Claim 62, 66, and 67 are met as discussed above for claim 60.
Claim 65 is also met as discussed above for claim 60.  Specifically, the characteristic of a subject moving to a predefined location within a physical environment as captured by a wide-angle camera is an extent of a visibility within of that subject in a captured image frame.

Claim Rejections - 35 USC § 103
The following is a quotation of 35 U.S.C. 103 which forms the basis for all obviousness rejections set forth in this Office action:
A patent for a claimed invention may not be obtained, notwithstanding that the claimed invention is not identically disclosed as set forth in section 102, if the differences between the claimed invention and the prior art are such that the claimed invention as a whole would have been obvious before the effective filing date of the claimed invention to a person having ordinary skill in the art to which the claimed invention pertains. Patentability shall not be negated by the manner in which the invention was made.

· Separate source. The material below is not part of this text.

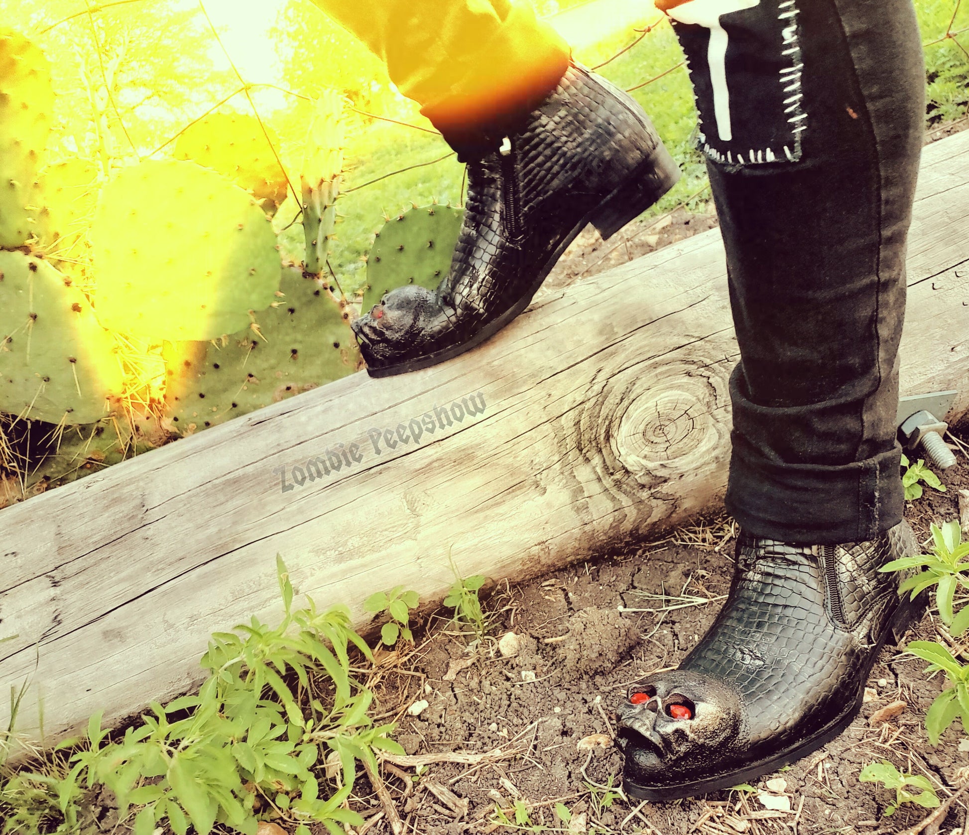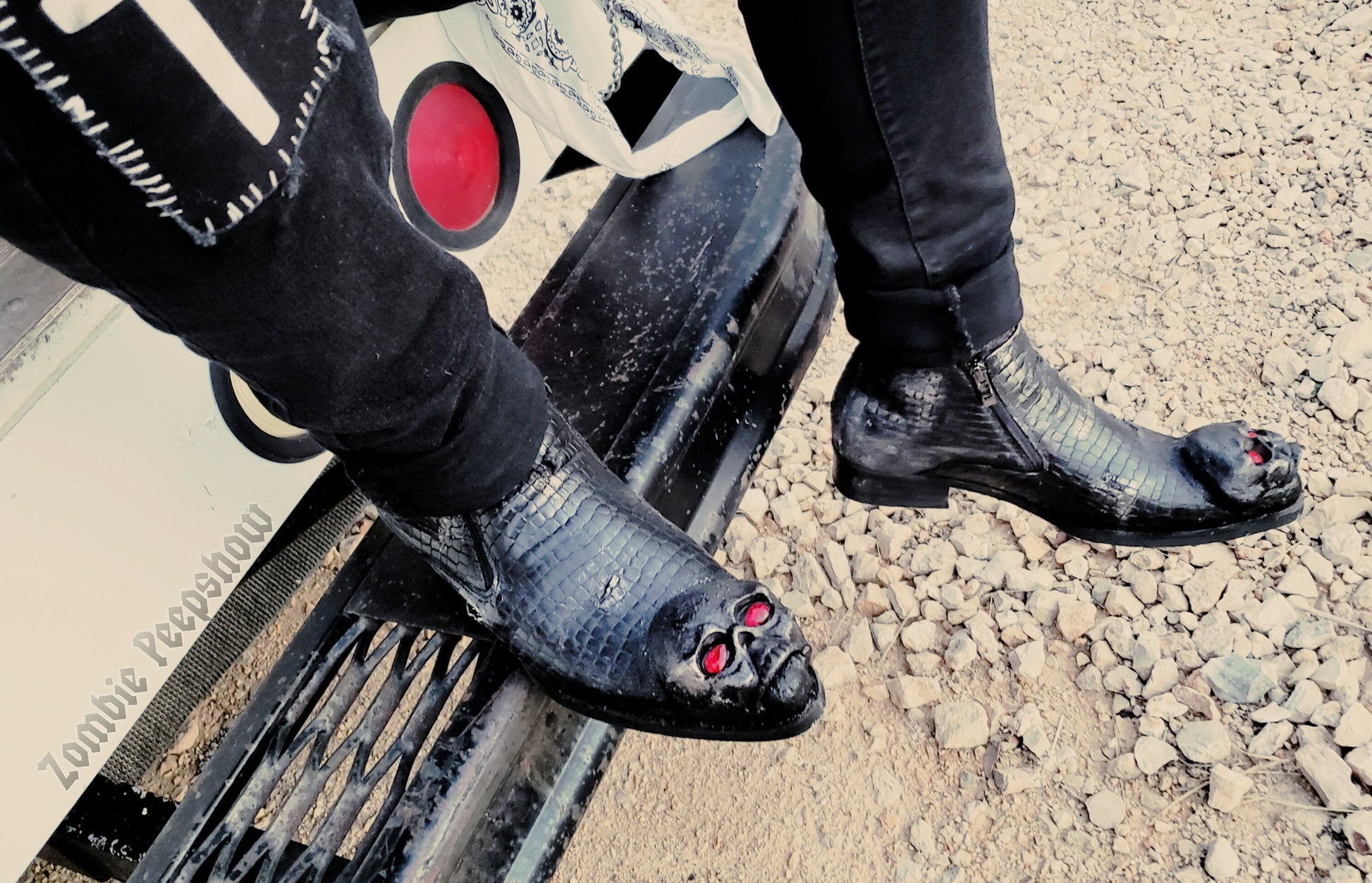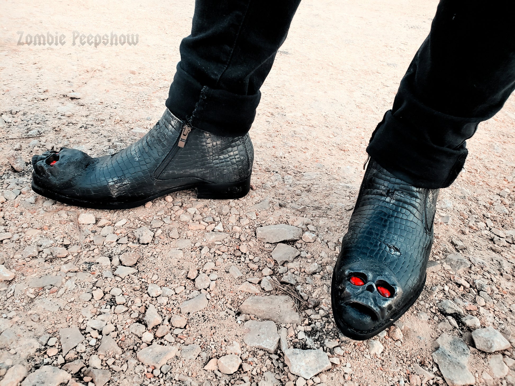 Diablo boots are hand painted and textured. Each shoe features metal skull toe caps with red crystal eyes, and a distressed base.

Claim(s) 63 is/are rejected under 35 U.S.C. 103 as being unpatentable over Lavelle (US 9,270,941 B1).
As to claim 63: The multi-camera system of claim 60, wherein the one or more detected characteristics include whether the subject is engaged in a gesture.  Lavelle discloses that camera controller component 230 could select the participant whose movement closely matches a predefined movement profile indicative of user speech and that this may be the user who is determined to be speaking as opposed to a user who is simply moving throughout the environment (col. 12, line 60, to col. 13, line 3).  The reference does not disclose a gesture per se but the examiner gives Official Notice that it was notoriously well-known to makes gestures while speaking (that is, to ‘speak with one’s hands’) and to raise one’s hand when determined to speak within a group.  Accordingly, it would have been obvious to one of ordinary skill in the art prior to the effective filing date of the claimed invention to implement Lavelle so as to detect these characteristics in order to facilitate the capture of the focus stream.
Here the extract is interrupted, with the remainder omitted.